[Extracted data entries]

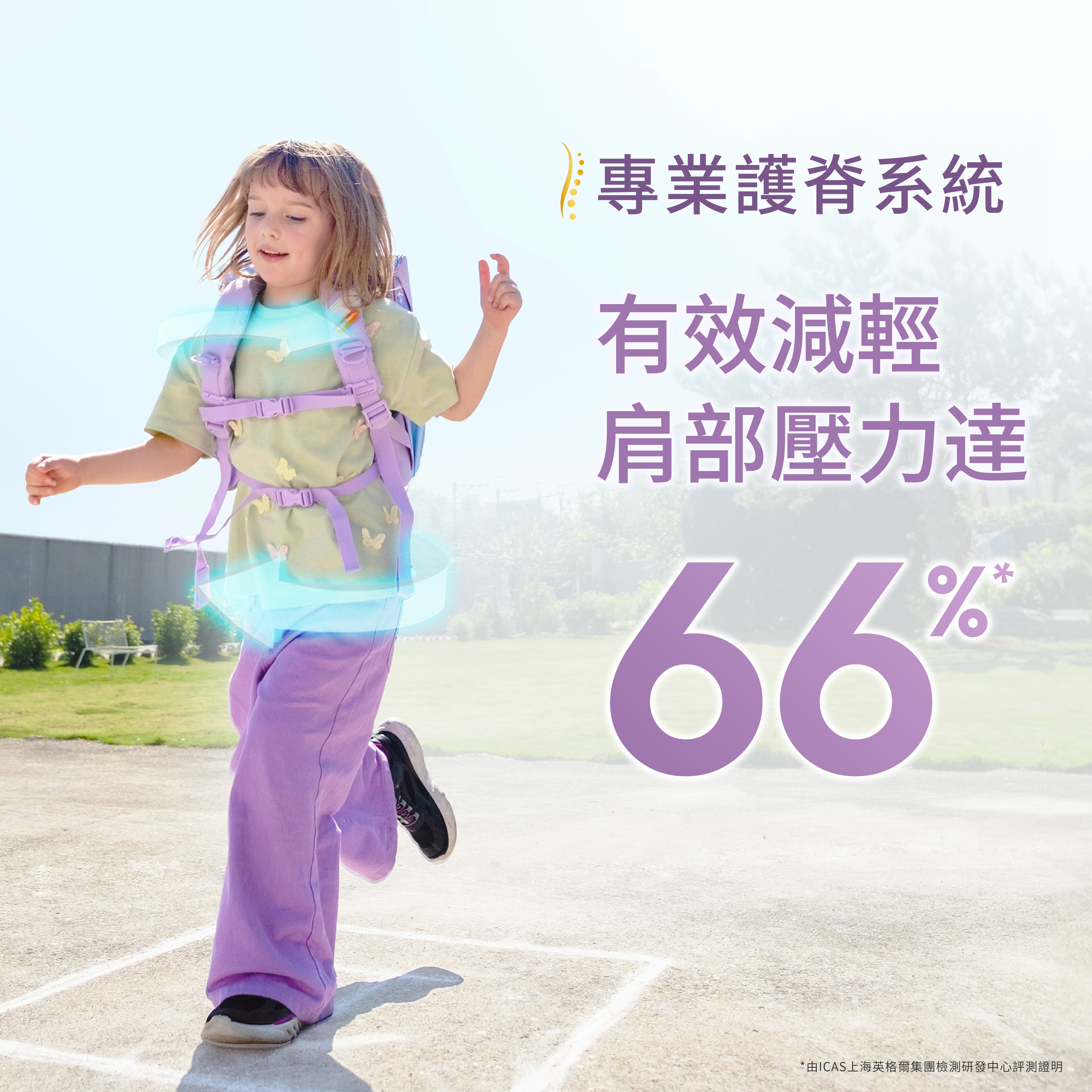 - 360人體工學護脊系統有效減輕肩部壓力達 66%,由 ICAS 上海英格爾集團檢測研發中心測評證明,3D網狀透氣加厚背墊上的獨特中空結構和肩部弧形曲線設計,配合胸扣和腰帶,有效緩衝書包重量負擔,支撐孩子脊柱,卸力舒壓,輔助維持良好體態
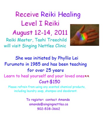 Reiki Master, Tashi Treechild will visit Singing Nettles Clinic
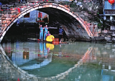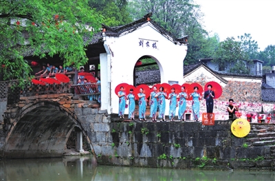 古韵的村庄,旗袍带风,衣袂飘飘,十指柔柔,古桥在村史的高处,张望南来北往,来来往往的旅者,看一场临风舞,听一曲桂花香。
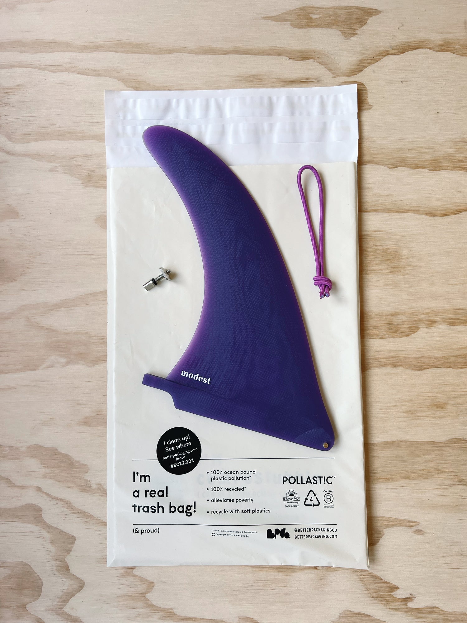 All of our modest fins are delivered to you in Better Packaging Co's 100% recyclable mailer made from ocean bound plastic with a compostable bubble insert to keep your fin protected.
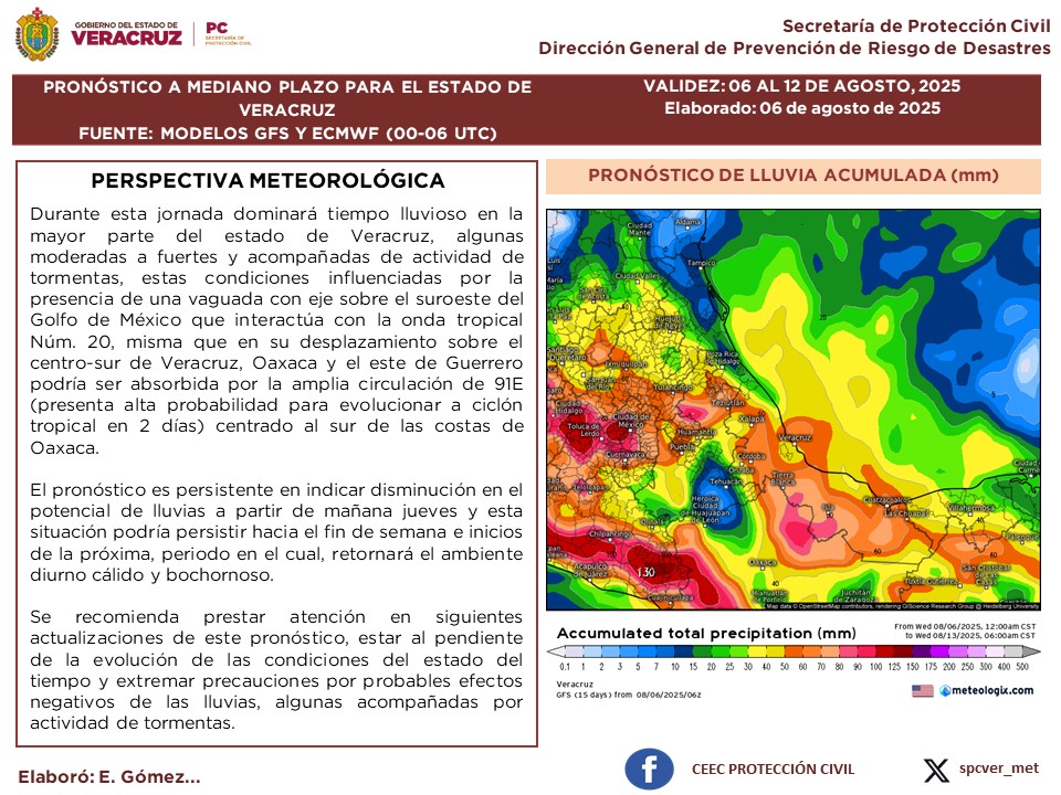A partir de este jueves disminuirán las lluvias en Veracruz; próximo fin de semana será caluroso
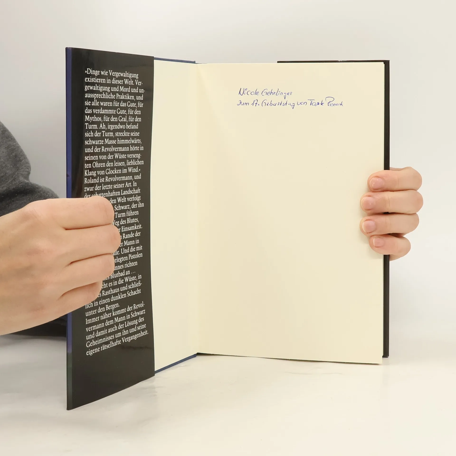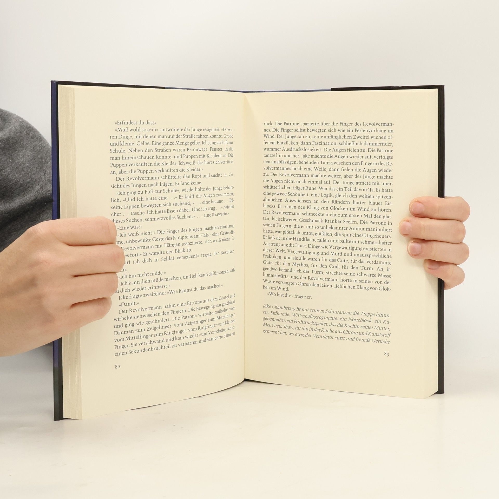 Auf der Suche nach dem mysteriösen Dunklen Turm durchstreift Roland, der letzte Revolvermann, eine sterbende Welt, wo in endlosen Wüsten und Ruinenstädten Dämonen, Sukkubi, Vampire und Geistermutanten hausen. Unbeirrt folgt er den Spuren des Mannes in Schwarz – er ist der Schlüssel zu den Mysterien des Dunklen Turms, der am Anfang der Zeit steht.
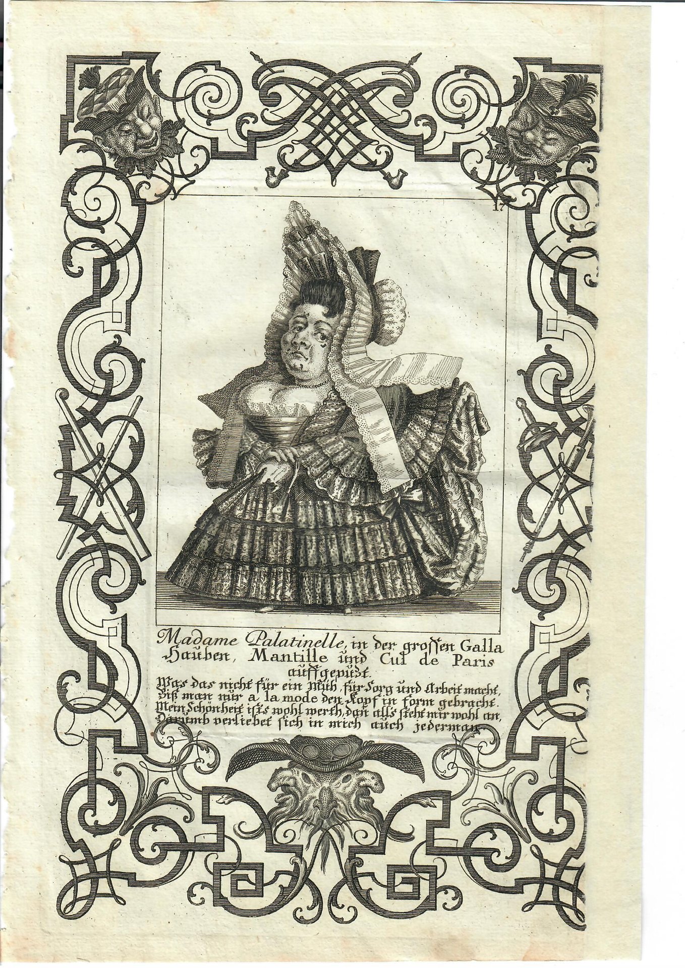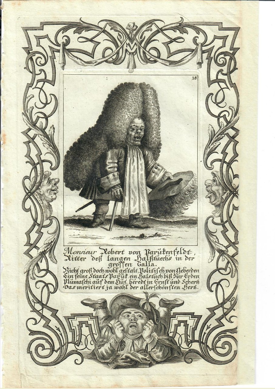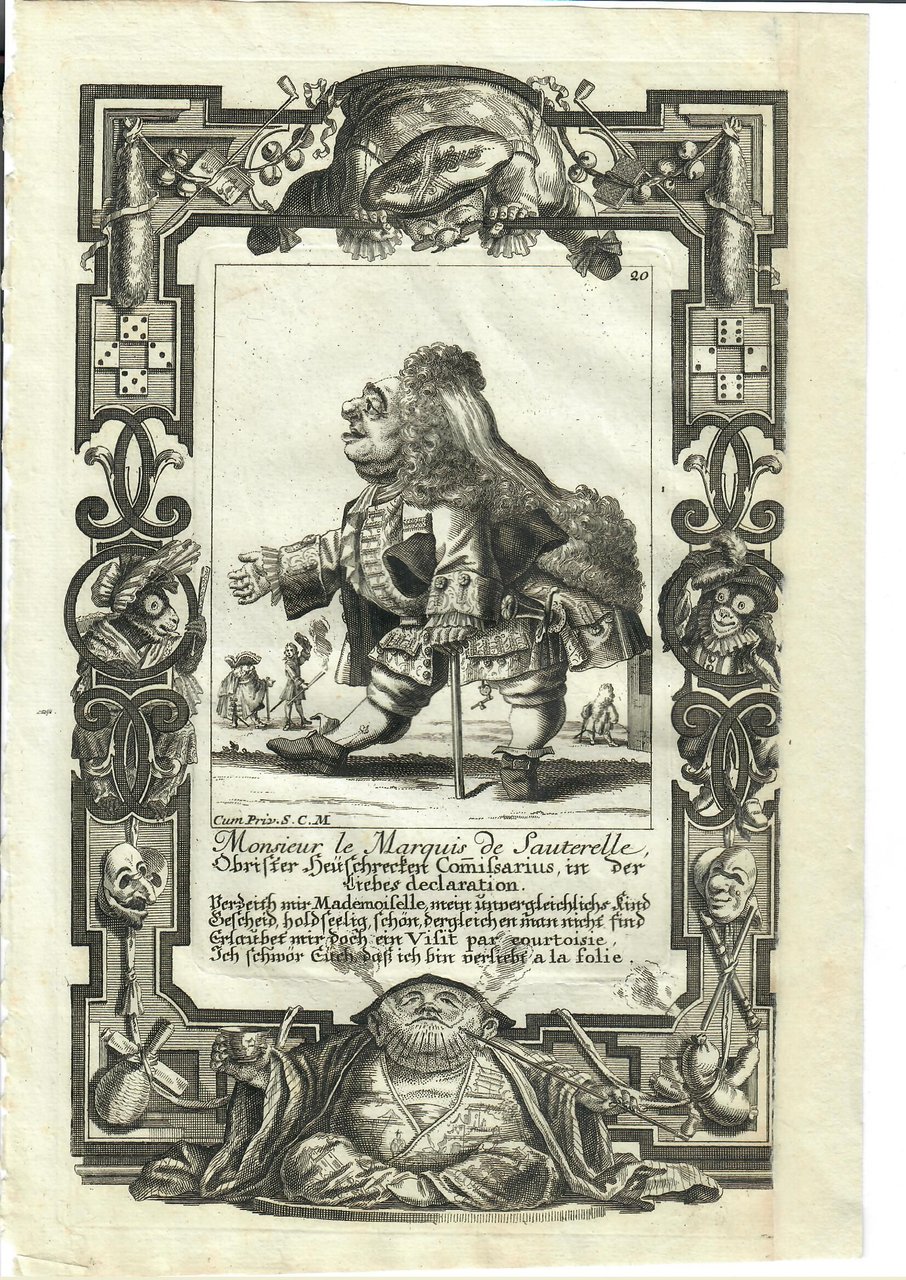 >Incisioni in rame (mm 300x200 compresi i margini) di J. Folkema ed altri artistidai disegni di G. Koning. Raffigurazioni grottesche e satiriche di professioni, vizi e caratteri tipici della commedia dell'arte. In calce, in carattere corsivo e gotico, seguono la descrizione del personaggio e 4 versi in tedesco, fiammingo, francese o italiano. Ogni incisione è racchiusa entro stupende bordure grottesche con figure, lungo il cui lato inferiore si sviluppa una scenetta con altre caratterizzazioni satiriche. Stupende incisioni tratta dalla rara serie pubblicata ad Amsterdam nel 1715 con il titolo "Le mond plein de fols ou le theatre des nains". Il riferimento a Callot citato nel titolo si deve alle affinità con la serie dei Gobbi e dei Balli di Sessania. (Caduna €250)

• **WHAT IS BEING ASKED**: A verbatim copy of the data, with all pictures omitted, is the required output.

• **EXERCISE RESPONSE**:
 - 360人體工學護脊系統有效減輕肩部壓力達 66%,由 ICAS 上海英格爾集團檢測研發中心測評證明,3D網狀透氣加厚背墊上的獨特中空結構和肩部弧形曲線設計,配合胸扣和腰帶,有效緩衝書包重量負擔,支撐孩子脊柱,卸力舒壓,輔助維持良好體態
 Reiki Master, Tashi Treechild will visit Singing Nettles Clinic
 古韵的村庄,旗袍带风,衣袂飘飘,十指柔柔,古桥在村史的高处,张望南来北往,来来往往的旅者,看一场临风舞,听一曲桂花香。
 All of our modest fins are delivered to you in Better Packaging Co's 100% recyclable mailer made from ocean bound plastic with a compostable bubble insert to keep your fin protected.
A partir de este jueves disminuirán las lluvias en Veracruz; próximo fin de semana será caluroso
 Auf der Suche nach dem mysteriösen Dunklen Turm durchstreift Roland, der letzte Revolvermann, eine sterbende Welt, wo in endlosen Wüsten und Ruinenstädten Dämonen, Sukkubi, Vampire und Geistermutanten hausen. Unbeirrt folgt er den Spuren des Mannes in Schwarz – er ist der Schlüssel zu den Mysterien des Dunklen Turms, der am Anfang der Zeit steht.
 >Incisioni in rame (mm 300x200 compresi i margini) di J. Folkema ed altri artistidai disegni di G. Koning. Raffigurazioni grottesche e satiriche di professioni, vizi e caratteri tipici della commedia dell'arte. In calce, in carattere corsivo e gotico, seguono la descrizione del personaggio e 4 versi in tedesco, fiammingo, francese o italiano. Ogni incisione è racchiusa entro stupende bordure grottesche con figure, lungo il cui lato inferiore si sviluppa una scenetta con altre caratterizzazioni satiriche. Stupende incisioni tratta dalla rara serie pubblicata ad Amsterdam nel 1715 con il titolo "Le mond plein de fols ou le theatre des nains". Il riferimento a Callot citato nel titolo si deve alle affinità con la serie dei Gobbi e dei Balli di Sessania. (Caduna €250)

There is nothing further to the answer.